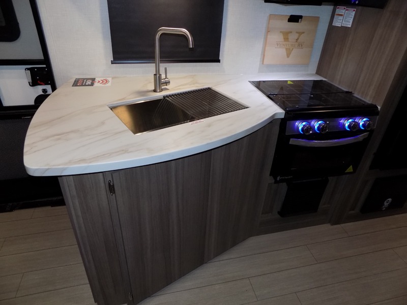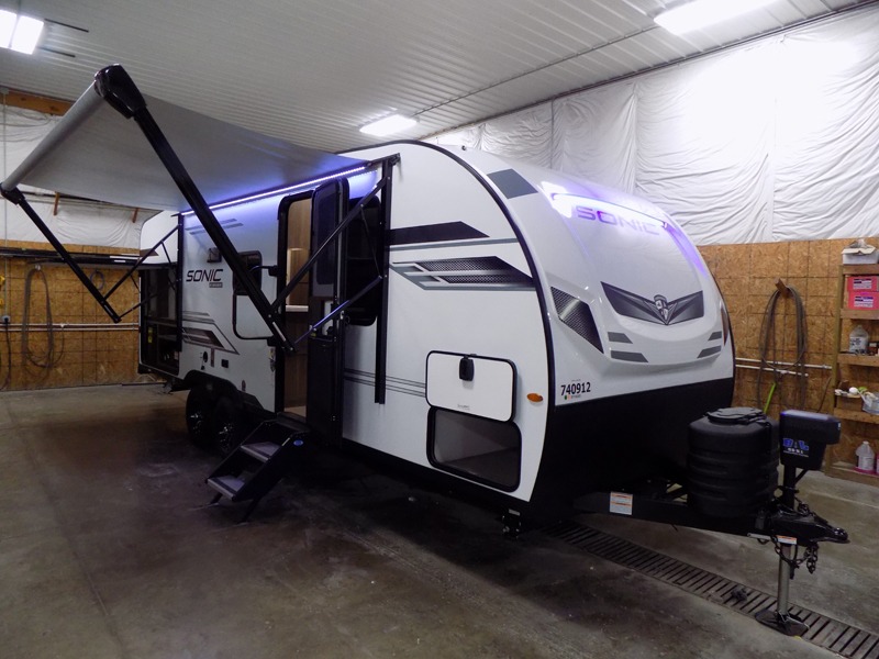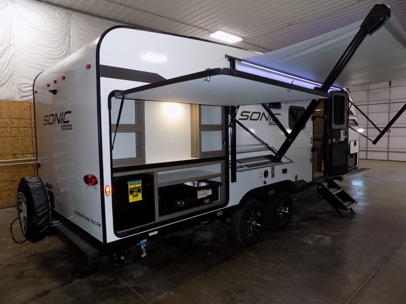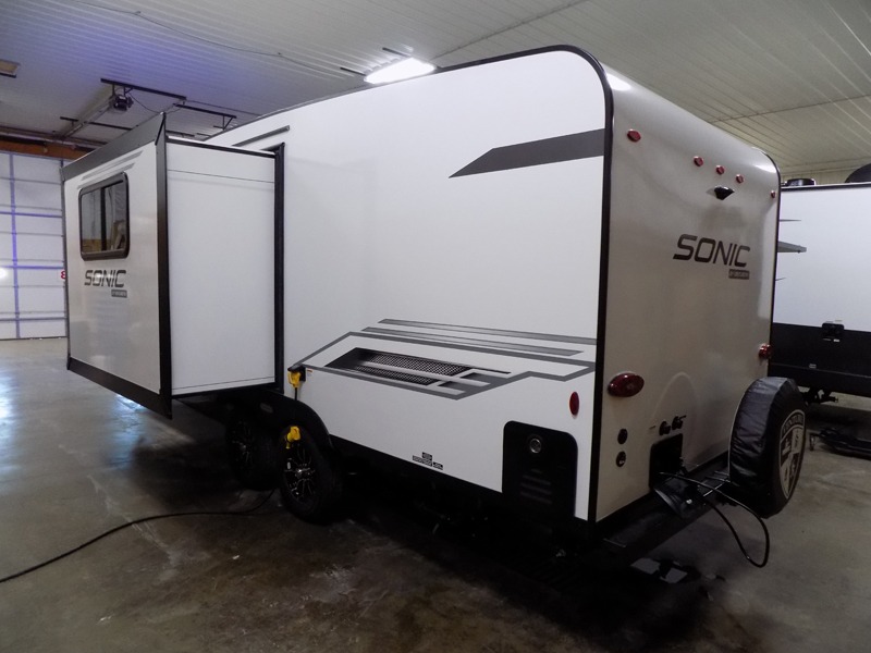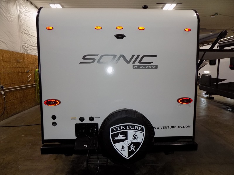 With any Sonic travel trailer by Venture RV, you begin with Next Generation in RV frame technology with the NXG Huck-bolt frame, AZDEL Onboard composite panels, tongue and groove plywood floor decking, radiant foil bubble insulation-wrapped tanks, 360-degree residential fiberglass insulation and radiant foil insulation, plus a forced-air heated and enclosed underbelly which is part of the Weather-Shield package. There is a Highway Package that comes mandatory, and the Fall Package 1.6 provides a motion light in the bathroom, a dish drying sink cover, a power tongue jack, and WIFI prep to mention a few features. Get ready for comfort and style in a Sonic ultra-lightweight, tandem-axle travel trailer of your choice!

==

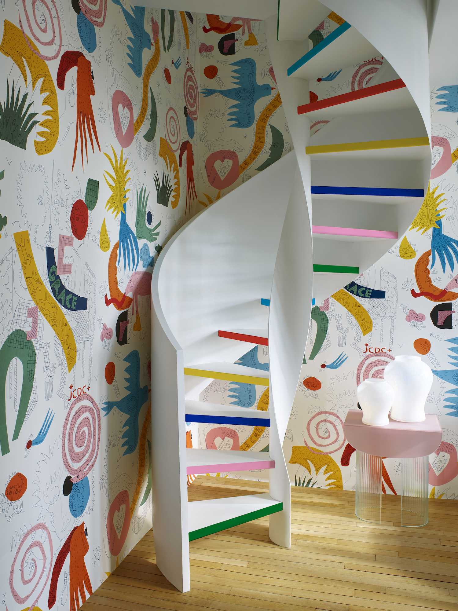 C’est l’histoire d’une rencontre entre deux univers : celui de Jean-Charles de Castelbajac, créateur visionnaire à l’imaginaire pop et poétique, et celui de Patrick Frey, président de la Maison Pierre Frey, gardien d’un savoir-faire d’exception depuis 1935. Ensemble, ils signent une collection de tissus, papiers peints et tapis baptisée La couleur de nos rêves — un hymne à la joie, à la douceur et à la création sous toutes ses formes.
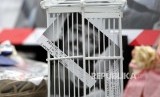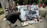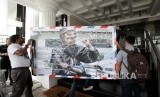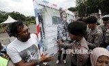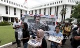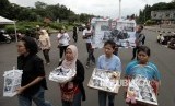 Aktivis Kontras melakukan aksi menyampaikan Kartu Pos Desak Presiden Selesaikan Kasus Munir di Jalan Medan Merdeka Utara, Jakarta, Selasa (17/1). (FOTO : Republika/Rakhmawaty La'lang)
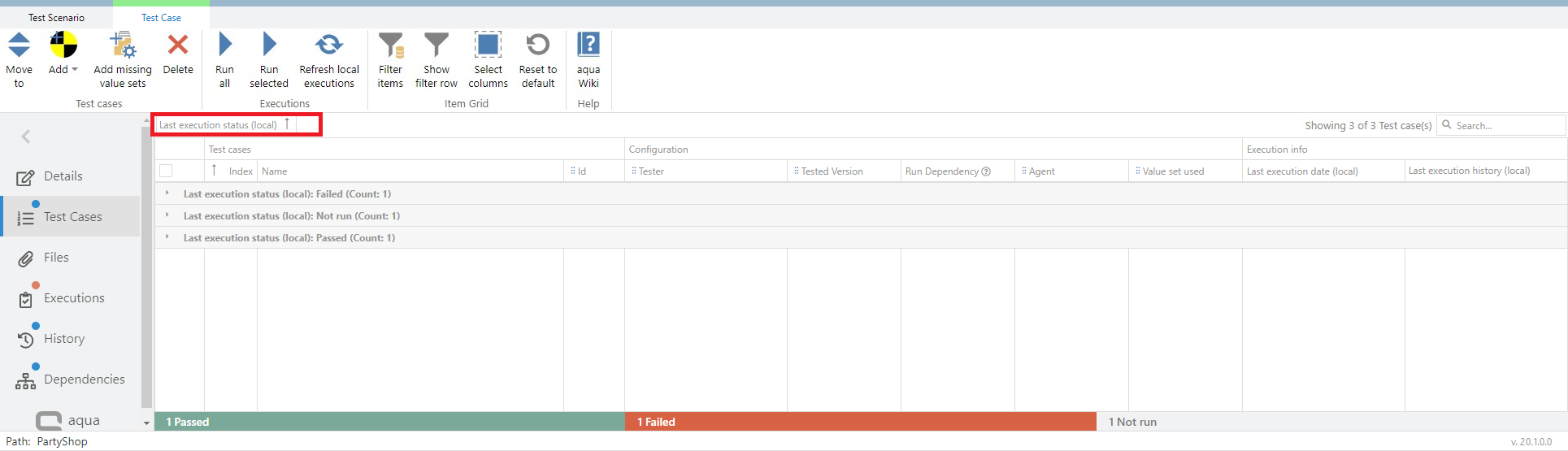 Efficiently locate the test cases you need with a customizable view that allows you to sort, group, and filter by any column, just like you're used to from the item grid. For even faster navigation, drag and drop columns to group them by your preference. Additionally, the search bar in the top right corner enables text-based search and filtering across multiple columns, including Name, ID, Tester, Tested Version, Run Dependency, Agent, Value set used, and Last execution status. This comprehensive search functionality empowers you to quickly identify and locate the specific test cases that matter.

--

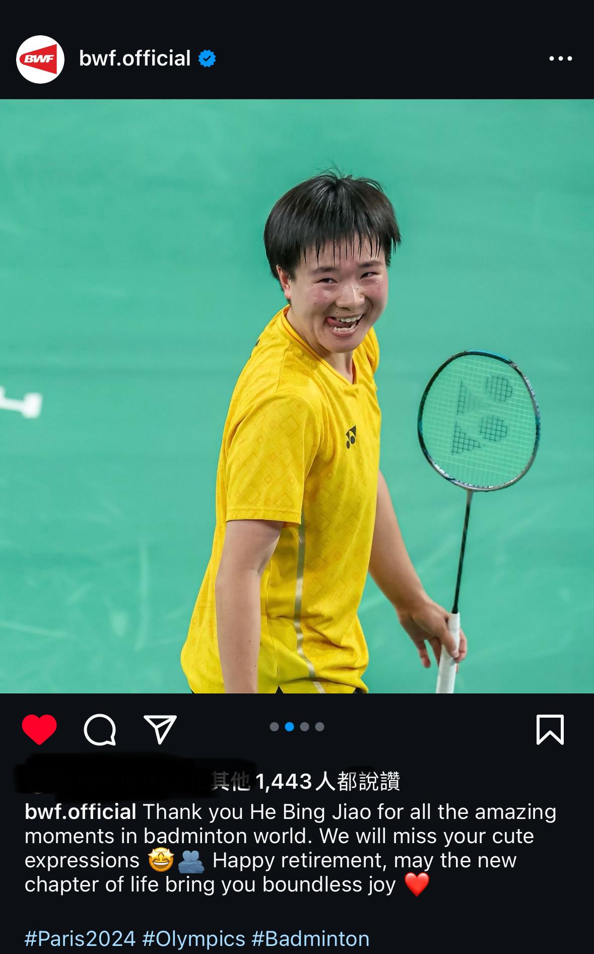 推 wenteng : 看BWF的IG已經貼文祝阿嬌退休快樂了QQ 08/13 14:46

**What is required:** Working from the records above, set down word for word everything from the line containing "C’est l’histoire d’une" down to the line containing "Aktivis Kontras melakukan", ends included, minus the pictures.

**Exercise solution:**
 C’est l’histoire d’une rencontre entre deux univers : celui de Jean-Charles de Castelbajac, créateur visionnaire à l’imaginaire pop et poétique, et celui de Patrick Frey, président de la Maison Pierre Frey, gardien d’un savoir-faire d’exception depuis 1935. Ensemble, ils signent une collection de tissus, papiers peints et tapis baptisée La couleur de nos rêves — un hymne à la joie, à la douceur et à la création sous toutes ses formes.
 Aktivis Kontras melakukan aksi menyampaikan Kartu Pos Desak Presiden Selesaikan Kasus Munir di Jalan Medan Merdeka Utara, Jakarta, Selasa (17/1). (FOTO : Republika/Rakhmawaty La'lang)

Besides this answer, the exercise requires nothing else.